さて、事業主体であるNUMO (原子力発電環境整備機構)によれば、最終処分地の選定は、次の4段階を経てなされる。すなわち、文献調査→概要調査→精密調査→施設建設である。そして、各段階ごとに「都道府県知事、市町村長の意見を聴き、反対の場合は次の段階には進まない」としている。

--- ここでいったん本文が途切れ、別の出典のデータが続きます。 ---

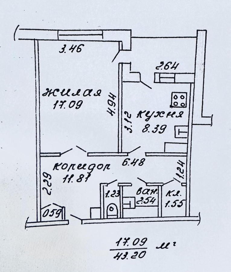 Общая площадь 43, 20 кв.м., жилая 17, 09 кв.м., кухня 8, 39 кв.м.

第一段階である文献調査に応募すれば、それだけで20億円が当該自治体に支払われるのだという。文献調査では実地調査はおこなわれない。実質的には、ただ手をあげただけでカネが入ってくる。さらに第二段階である概要調査まですすめば、総額で最大90億円が支払われるそうだ。概要調査ではボーリング調査などがおこなわれるので、それに関連しても町におカネが落ちるだろう。
町長は、ほかにも手をあげる自治体があるだろうからそこと比較してもらえばいいとか、国は3回中止のチャンスを与えてくれている、第二段階までは近隣自治体や道の意見は聞かない、などと述べているという。こうした発言から推察するに、現時点での町長の目的は、その90億円+αを得ることにあるのだと考えられる。もらうものだけもらってしまえばこっちのもの、あとは嫌ならいつでも撤退すればいい、という目論みだ。そうだとすれば、まさに濡れ手に粟の「フリーランチ」、あまり上等とはいえない表現をすれば「タダめし」ないし「食い逃げ」狙い、というわけだ。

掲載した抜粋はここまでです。